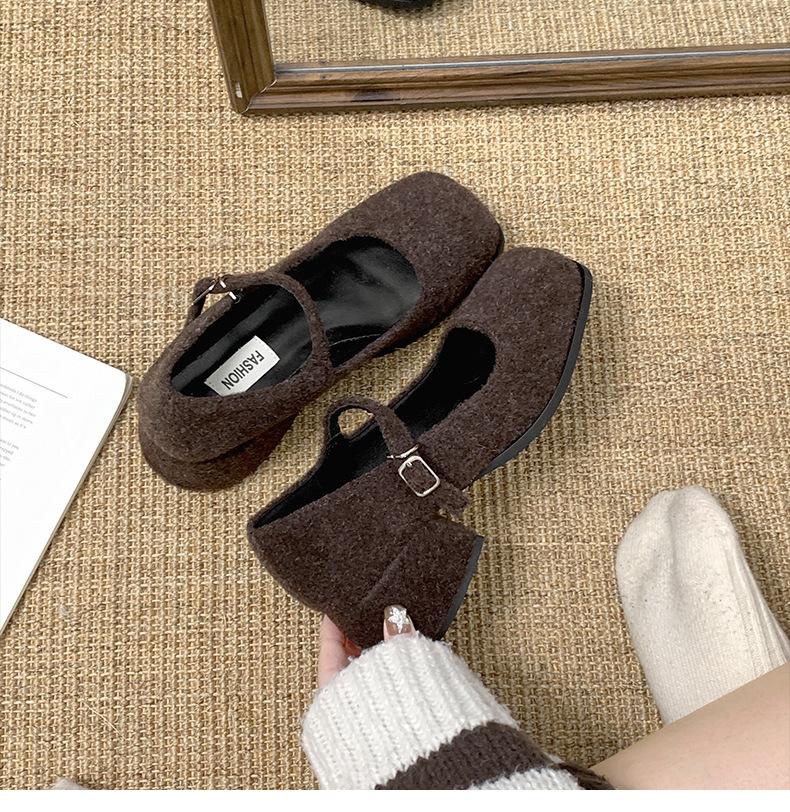 Модный темперамент французский маленький ароматный стиль толстый каблук толстая подошва пушистая обувь женская 2025 новая зимняя обувь для увеличения роста Мэри Джейн одиночные туфли 37 коричневый
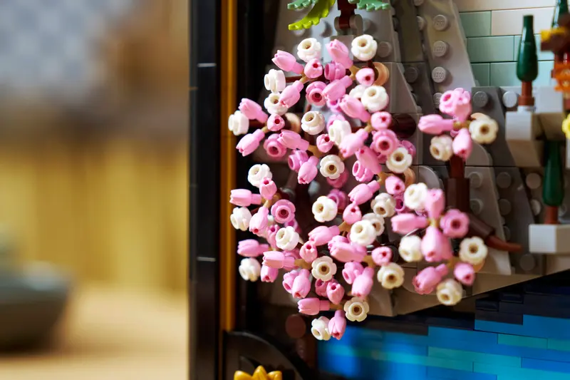 The artistic LEGO model celebrates Springtime in Japan through the lens of the Ukiyo-e movement. Within the black frame, decorated with golden LEGO elements, are some of Japan's most iconic elements and colours. There's Mount Fuji, a teahouse, a bridge, a waterfall, flying Japanese cranes, cherry blossoms, ’Sango-Kaku’ maple and Japanese umbrella pine trees.
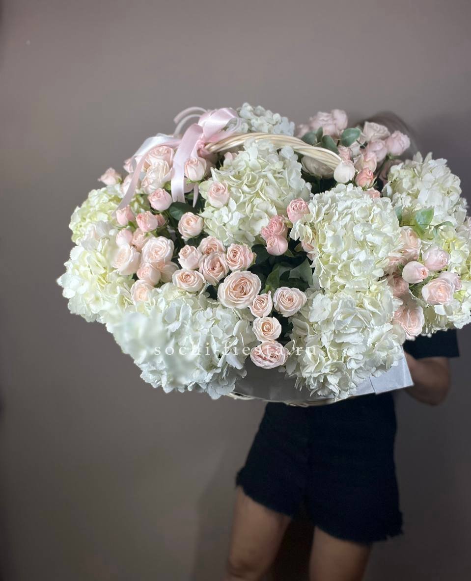 Пышная корзина с розами и гортензией раскрывается мягкими переходами розовых тонов. Эустома и диантус добавляют воздушности, а эвкалипт создает свежую основу для многослойной композиции. Авторская работа для важных событий и значимых встреч.
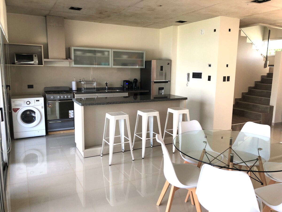 Appartement met 3 slaapkamers met voldoende geïntegreerde buitenruimte. Ik woonde in de natuur van de villa met een exclusief en uniek uitzicht in de omgeving. Gemeubileerde ruimte in eersteklas kwaliteit, allemaal nieuw tot februari 2022, terras uitgerust om te genieten van het buitenleven met grote grill. Groot zwembad, vuurplaats naast het meer, loungestoelen, fitnessruimte, waterverwarming. Twee overdekte garages, toegang tot de trap 3 minuten van de koekoek. 134m2 binnen en 56m2 buiten, gewoon uniek in Villa Carlos Paz.
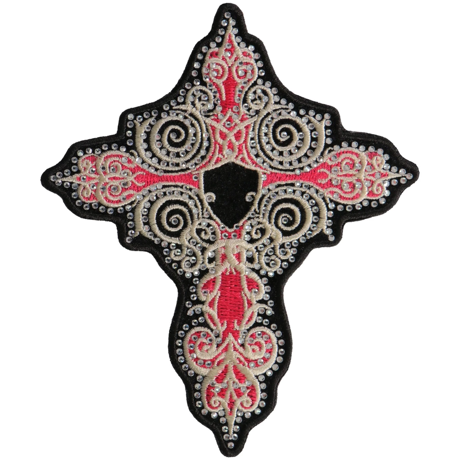 This embroidered cross features intricate detail and is embellished with rhinestones.
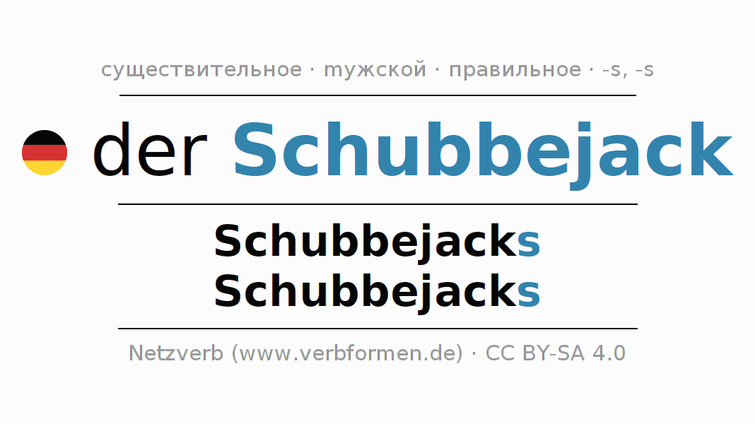 Склонение существительного Schubbejack даётся в родительном падеже единственного числаSchubbejacks и в именительном падеже множественного числа Schubbejacks. Существительное Schubbejack склоняется по сильному типу, получая окончания s/s. Может употребляться и с другими окончаниями. Грамматический род Schubbejack мужской с определённым артиклем "der" Здесь можно просклонять не только Schubbejack, но и все немецкие существительные. Kомментарии ☆
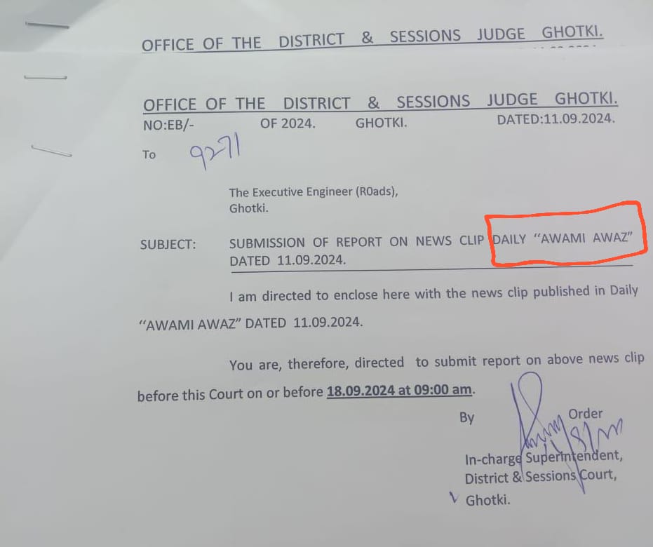 ڊسٽرڪٽ اينڊ سيشن جج گھوٽڪي عبدالقدوس ميمڻ جي عدالت ايگزيڪيوٽو انجنيئر روڊس کي ھڪ ليٽر نمبر 9271 جاري ڪندي عوامي آواز پاران تاريخ 11.09.2024 تي لاکو لنجاري روڊ جو ڪم مڪمل نه ھجڻ ۽ ڪم رولڙي جو شڪار ھجڻ واري خبر جو ذڪر ڄاڻائيندي نوٽيس جاري ڪندي 18 سيپٽمبر تي رڪارڊ سميت طلب ڪري ورتو آھي.
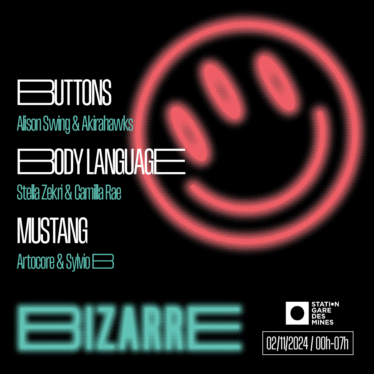 Le samedi 02 novembre, BIZARRE pose ses valises à la Station - Gare des Mines et rassemblera 3 énergies iconiques de la scène house européenne : le légendaire et réputé berlinois Buttons, le collectif féministe et label avant-gardiste également berlinois Body Language ainsi que Mustang, la soirée brûlante et gay-gay-gay ouverte à tous·tes
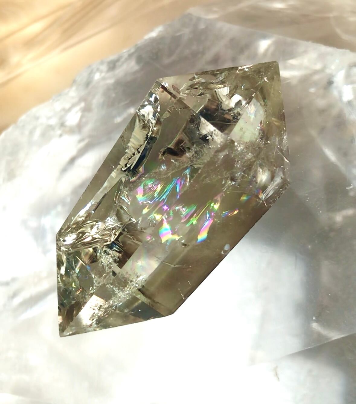 綺麗に虹が入ったダブルターミネティッドの形のシトリン。
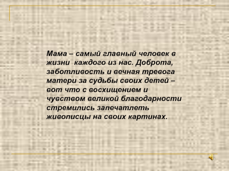 Мама – это главное слово в жизни. Ведь мама родила меня, она подарила мне жизнь.
☆ ☆ ☆
The response must match the listing exactly, except that pictures are removed.

Solved problem:
 Модный темперамент французский маленький ароматный стиль толстый каблук толстая подошва пушистая обувь женская 2025 новая зимняя обувь для увеличения роста Мэри Джейн одиночные туфли 37 коричневый
 The artistic LEGO model celebrates Springtime in Japan through the lens of the Ukiyo-e movement. Within the black frame, decorated with golden LEGO elements, are some of Japan's most iconic elements and colours. There's Mount Fuji, a teahouse, a bridge, a waterfall, flying Japanese cranes, cherry blossoms, ’Sango-Kaku’ maple and Japanese umbrella pine trees.
 Пышная корзина с розами и гортензией раскрывается мягкими переходами розовых тонов. Эустома и диантус добавляют воздушности, а эвкалипт создает свежую основу для многослойной композиции. Авторская работа для важных событий и значимых встреч.
 Appartement met 3 slaapkamers met voldoende geïntegreerde buitenruimte. Ik woonde in de natuur van de villa met een exclusief en uniek uitzicht in de omgeving. Gemeubileerde ruimte in eersteklas kwaliteit, allemaal nieuw tot februari 2022, terras uitgerust om te genieten van het buitenleven met grote grill. Groot zwembad, vuurplaats naast het meer, loungestoelen, fitnessruimte, waterverwarming. Twee overdekte garages, toegang tot de trap 3 minuten van de koekoek. 134m2 binnen en 56m2 buiten, gewoon uniek in Villa Carlos Paz.
 This embroidered cross features intricate detail and is embellished with rhinestones.
 Склонение существительного Schubbejack даётся в родительном падеже единственного числаSchubbejacks и в именительном падеже множественного числа Schubbejacks. Существительное Schubbejack склоняется по сильному типу, получая окончания s/s. Может употребляться и с другими окончаниями. Грамматический род Schubbejack мужской с определённым артиклем "der" Здесь можно просклонять не только Schubbejack, но и все немецкие существительные. Kомментарии ☆
 ڊسٽرڪٽ اينڊ سيشن جج گھوٽڪي عبدالقدوس ميمڻ جي عدالت ايگزيڪيوٽو انجنيئر روڊس کي ھڪ ليٽر نمبر 9271 جاري ڪندي عوامي آواز پاران تاريخ 11.09.2024 تي لاکو لنجاري روڊ جو ڪم مڪمل نه ھجڻ ۽ ڪم رولڙي جو شڪار ھجڻ واري خبر جو ذڪر ڄاڻائيندي نوٽيس جاري ڪندي 18 سيپٽمبر تي رڪارڊ سميت طلب ڪري ورتو آھي.
 Le samedi 02 novembre, BIZARRE pose ses valises à la Station - Gare des Mines et rassemblera 3 énergies iconiques de la scène house européenne : le légendaire et réputé berlinois Buttons, le collectif féministe et label avant-gardiste également berlinois Body Language ainsi que Mustang, la soirée brûlante et gay-gay-gay ouverte à tous·tes
 綺麗に虹が入ったダブルターミネティッドの形のシトリン。
 Мама – это главное слово в жизни. Ведь мама родила меня, она подарила мне жизнь.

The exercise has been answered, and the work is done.